Wednesday, June 27, 2007

Rain, rain, get over here!


Editor's Note: Commedienne Pam Stone writes her column for The Tryon Daily Bulletin twice each month from her office in the "Unabomber Shack" on her Gowensville farm. Want a chance to respond to this column? Go to Pam’s blog at www.tryondailybulletin.com.

Isn't it funny how our priorities change when Mother Nature throws us a curve ball?
Now that we're skidding into summer, I've been working both my horses before 10 a.m. to beat the heat and teach lessons on their days off. This means most of my day is quite free by noon: I can grocery shop, hit the feed store, or trawl the internet, looking at wildly expensive dressage prospects for sale. When I'm stuck in traffic (oh, all right, behind two cars at the junction of 14 and 176), I find myself sometimes coveting a gorgeous, brand new, Ford dually in front of me. And when the new equestrian catalogues arrive in the mail, I dream of having an entire wardrobe of Pikeur riding breeches in every color.

Until I step outside...

RAIN! That's what I really crave.

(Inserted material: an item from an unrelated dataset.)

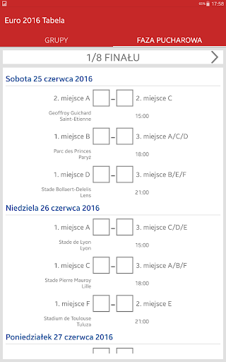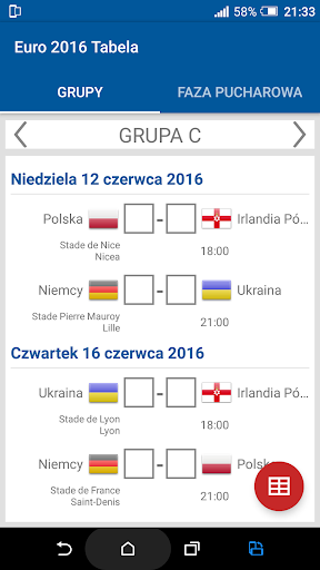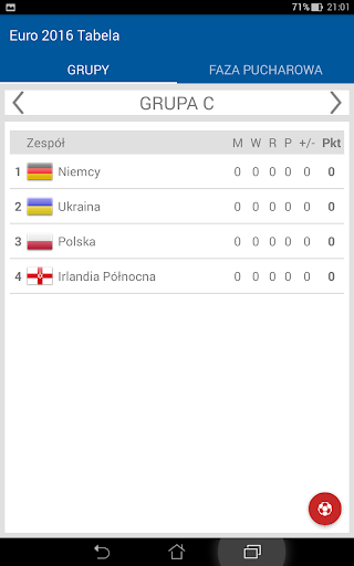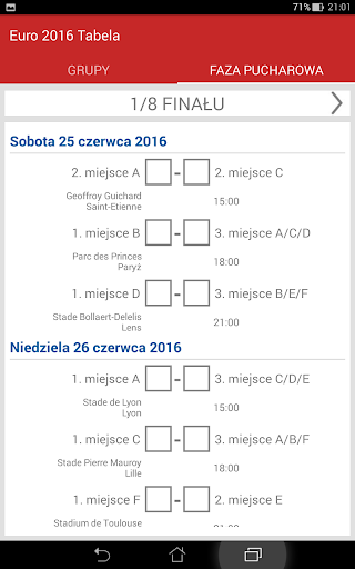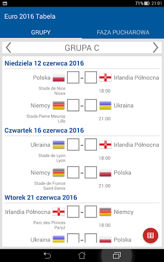 Trzeba wprowadzić tylko wyniki meczów, a aplikacja sama zbuduje wszystkie tabele grup i wyliczy jakie polecenia awansuje do play-off. Również w załączniku znajduje się harmonogram meczów (czas i miejsce). Śledź mecze i prowadzi własną tabelę mistrzostw europy w piłce nożnej ME 2016.

As I write, we've had a " big ol' dome of high pressure" as Jack Roper remarks rather snarkily to me through my television set, that has sat on top of us as though plopped in a Barco-lounger with absolutely no intention of getting up anytime soon.

He's got his Big Gulp wedged in the cup holder on the arm and a bag of Bojangles biscuits in his lap. Yep, he's just gonna sit awhile.

(You know, I don't believe Mr. Roper is as "folksy" as he appears. I believe he's gone mad with the power of his Super Doppler Viper Pit Bull Hell Cat Radar. Only he knows if we have any chance at precipitation. I'll bet if I met him at the Golden Corral and asked him if it was going to rain, he'd say, "Maybe, maybe not. Hand over that fried okra and we'll talk about it." But I have to watch him because the people on the Weather Channel always block the Carolinas with their butts. Drives me crazy.)

Anyway, what this "big ol' dome of high pressure" means for me is that my fields are beginning to resemble the salt flats of Utah and I have to water my arena each evening, otherwise the clouds of dust that arise from riding might be mistaken for some sort of Dark Corners opium den. There's dust on the car, the truck, the roses, inside the house (but that has nothing to do with the weather) and my skin. I hate that gritty, grimy, sticky feeling. Reminds me of every meeting I ever had with my agents.

I love how the simple elements of Mother Nature releases any material want I might have. A sudden, prayed-for cloud burst is so welcome, so glorious, so cleansing...

The grass greens up literally before your eyes and you can actually see Hogback before the haze settles back in. Tiny butterflies appear, taking refreshment from sodden leaves and the lip of the birdbath and there's a sudden burst of bird song.
The heat dissipates, the ground steams.

Who cares about a stupid truck?

But those breeches, ohhhh...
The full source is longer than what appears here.